Parenting

If You Believe The Data, Having Kids Is A Terrible Idea

by Rob Howard
AleksandarNakic / Getty Images

From the 1950s to present day, studies have shown that having a baby is worse for your happiness than divorce or unemployment, that children weaken marriages, and that parents prefer just about any activity —  including cooking, shopping, and cleaning  —  over child care.

And yet, the human race lives on. Today, we’ll explore the complex psychology and sociology of childrearing in All Joy and No Fun: The Paradox of Modern Parenthood by Jennifer Senior.

Senior concludes that, while the negative headlines are valid, they don’t tell the full story of the psychological transformation of parenthood. In fact, one of the most telling changes seen in new parents is that both the highs and the lows of life become more extreme.
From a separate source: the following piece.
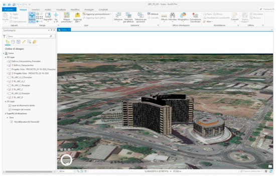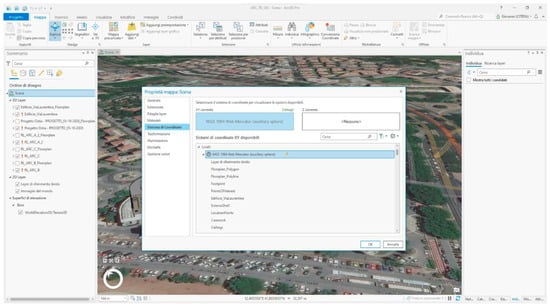 77]. Esri (the Environmental System Research Institute) is one of the leading producers of GIS software systems and applications for the management of geospatial databases. ArcGIS is a geographic information system that is employed for the creation, analysis, and technical use of maps, the compilation of geographic data, and the sharing and management of geographic information within a database. This phase encompasses the definition of the standardized coordinate system to be employed, the selection of the graphical display mode of the model and the background map, and, finally, the specification of the nomenclature for the Common Data Environment (CDE) repository to be followed and the final destination of the project file [

It’s often the first time in a person’s life that they’re stricken with chronic sleep deprivation, constant uncertainty, and a host of new and unusual demands on their time and energy, thus creating an extreme swing toward unhappiness.

But when you get out of the day-to-day and start asking broader, existential questions, parents report increased purpose, meaning, and overall joy in their lives. The data backs up the adage that the years are short and the days are long. Raising a child comes with very high physical, emotional, and financial costs  —  and very high long-term rewards.
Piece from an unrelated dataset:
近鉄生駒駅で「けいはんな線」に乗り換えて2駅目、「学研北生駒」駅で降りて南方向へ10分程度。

The most fascinating analysis in this book is the contrast between modern parenting and that of a century ago. Until the first half of the 20th century, children were inherently valuable because they could provide financial gain to a family at a very young age. They worked in farms and factories and contributed to the bottom line as soon as they physically could. Modern laws prohibiting child labor reversed that equation, and children went from being an asset to a liability. Today, the government estimates it costs between $170,000 and $375,000 to clothe, feed, house, and raise a child to age 17  —  not including expenses for college.

The big change in recent decades is that, broadly speaking, parents are now parents by choice. Senior describes parents in the days before birth control as “dutiful conscripts”  —  they were on board for the job because they pretty much had to be. Today, the choice to have children is more often part of a well-thought-out life plan. That agency is great in many ways, but it has the side effect of producing far more second-guessing and regret. When you have no control, you basically just roll with it. When you’ve made a conscious, active choice, you’re a lot harder on yourself as you experience parenthood’s inevitable ups and downs.
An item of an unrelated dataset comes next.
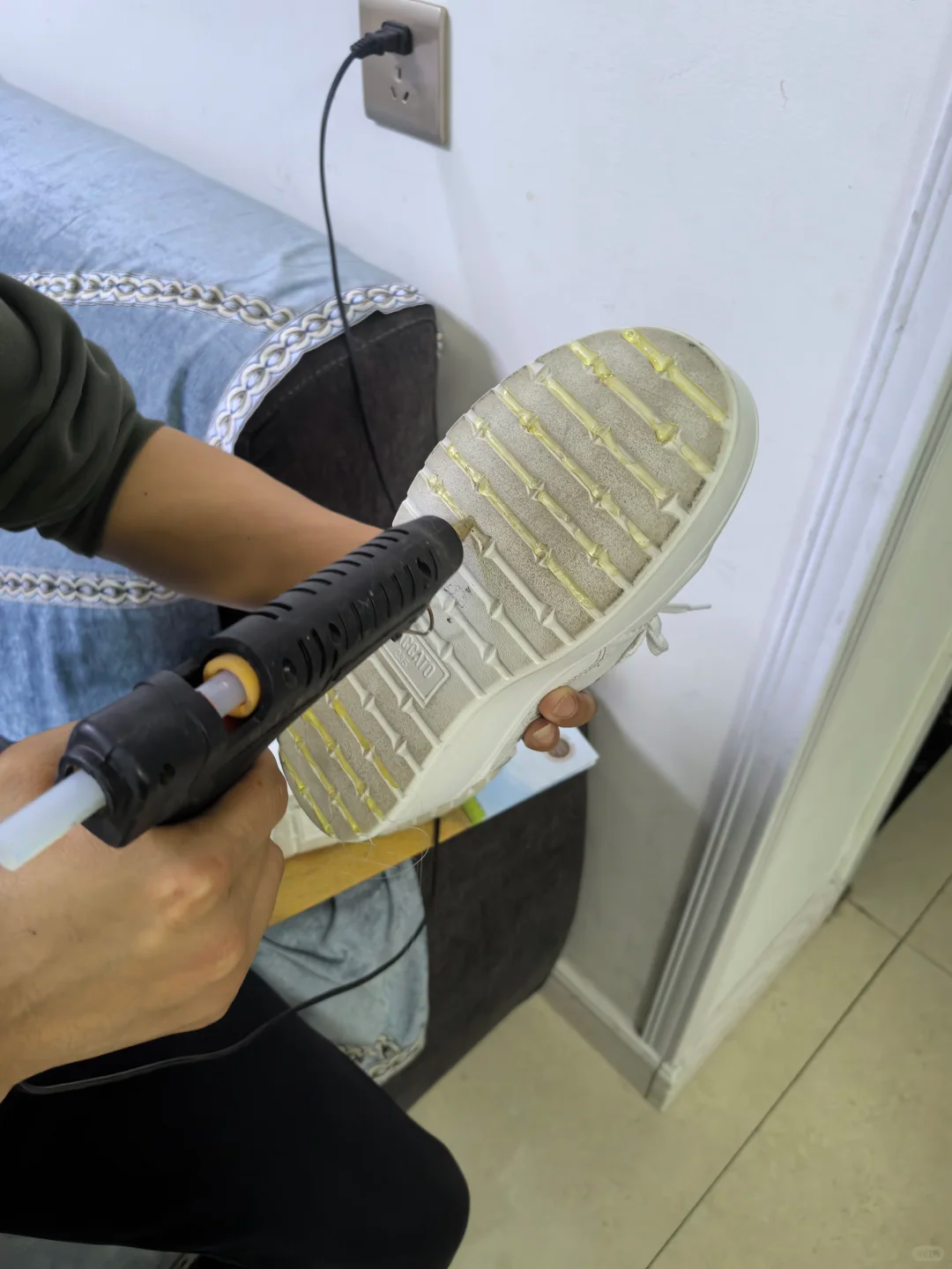 其实可以利用热熔胶增加鞋底的防滑,使用胶枪将热熔胶棒融化之后,涂抹在鞋底等到干了,走路就不会打滑了。

In fact, the word “parent” was rarely used as a verb  —  as in “parenting”  —  until the 1970s. The shift to parenthood as a deliberate choice also changed the lexicon to make “parent” something you can do rather than something you can be.

As the book’s focus shifts to 21st-century parents, Senior profiles a range of moms and dads as their kids progress through each stage of growth, from infancy to adolescence to leaving the nest. The common theme in many of these stories is that the demands of work and life, combined with expensive child care and a tendency to overschedule and burn out our kids (and ourselves), make parenthood a tremendous stressor in day-to-day life. These aren’t novel observations, but the stories are illuminating, and the data highlights how American business mores and government policies put parents, especially mothers, at a disadvantage that is unheard-of in most of the rest of the world.

My favorite takeaway is that reading books about parenthood won’t do much to help you as a parent.

“There’s little even the most organized people can do to prepare themselves for having children,” Senior writes. “They can buy all the books, observe friends and relations, review their own memories of childhood. But the distance between those proxy experiences and the real thing, ultimately, can be measured in light-years.”

In a way, that knowledge is freeing, and it can counteract our tendency to pin our self-worth and happiness on day-to-day childrearing success.

This book won’t make you a better mom or dad. It will encourage you to step back from the chaos of daily life and remember that someday you’ll reminisce about days like today, and those memories will probably be filled with a lot of joy.